Хенсби понимающе улыбнулся.
– Моя дорогая, это не всепрощенчество. Это всего лишь понимание того, что нельзя требовать от людей – или альвов, или гномов, или неважно от кого – невозможного. Под угрозой смерти останутся верными единицы. Может, десятки. Но нельзя требовать и ожидать всеобщего самопожертвования.
– Ты так же скажешь и о своих собратьях-жрецах? – сощурилась Айвли.
– Здесь собрались те люди – я надеюсь, – как раз из тех единиц или десятков, – спокойно ответил старый мастер. – Но дело не в этом. Мы взываем к великому Хедину, да, Оружейница, и да, мы ощущаем… смутную тревогу. Беда приближается, быть может – она уже настала. Но где она, откуда грядет – не ведаем. Как и ты.
– Как и я… – эхом повторила альвийка. – Что ж, мастер Хенсби, быть может, ты и прав. Магия моих соплеменников сильна. Я лишь боюсь навредить ему ею. Вдруг окажется… и враги его воспользуются этим?
– Иногда, – кашлянул жрец, – лучше, чтобы враги-таки бы именно воспользовались. Вылезли бы на свет. Их бы удалось принудить тогда к честному бою…
Айвли внезапно подняла голову, точно услышав далёкое эхо.
– Спасибо тебе. – Оружейница порывисто вскочила. – Я возвращаюсь в Альвланд. Посмотрим, удастся ли… и впрямь выманить кой-кого на свет.
Тропы мёртвых редко выводят на свет. Дороги во мраке причудливы, Тьма запаслива, она вбирает в себя прошлое, тихо складывая в бездонных своих кладовых бывшее и небывшее, свершившееся и оставшееся невоплощённым; забирает себе мимолётное, трепетное и туманное наравне с солидным, тяжёлым, прочным.
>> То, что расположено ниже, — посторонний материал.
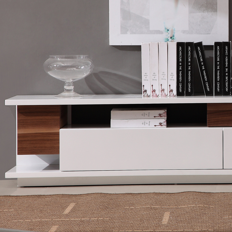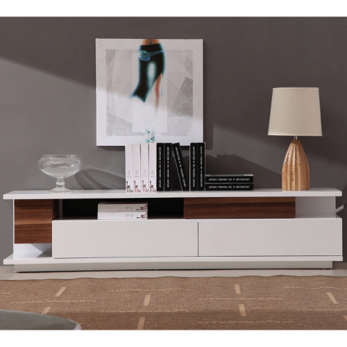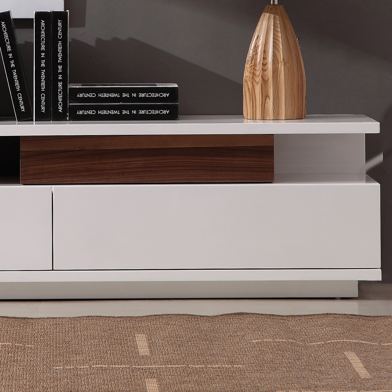 J and M Furniture 71" Contemporary TV Stand in White Lacquer & Light Walnut

Мечты и сны, триумфы и трагедии – всё становится добычей Тьмы через ту её часть, что люди зачастую ошибочно именуют «забвением».
Тьма не забывает ничего. И всегда готова напомнить тому, кто обратится к ней с правильным словом.
Древняя добыча её не нужна и ей самой. Однако она аккуратно прибирает, словно рачительная хозяйка, никогда не выбрасывающая то, что ещё пригодится. Хотя Тьма и не знает – когда, кому и для чего. Она просто ждёт, спокойно и молча. Она никуда не торопится, времени для неё не существует. Она была тут прежде, есть сейчас и пребудет и дальше, даже если сгинет само Сущее, и останется лишь нагая основа бытия.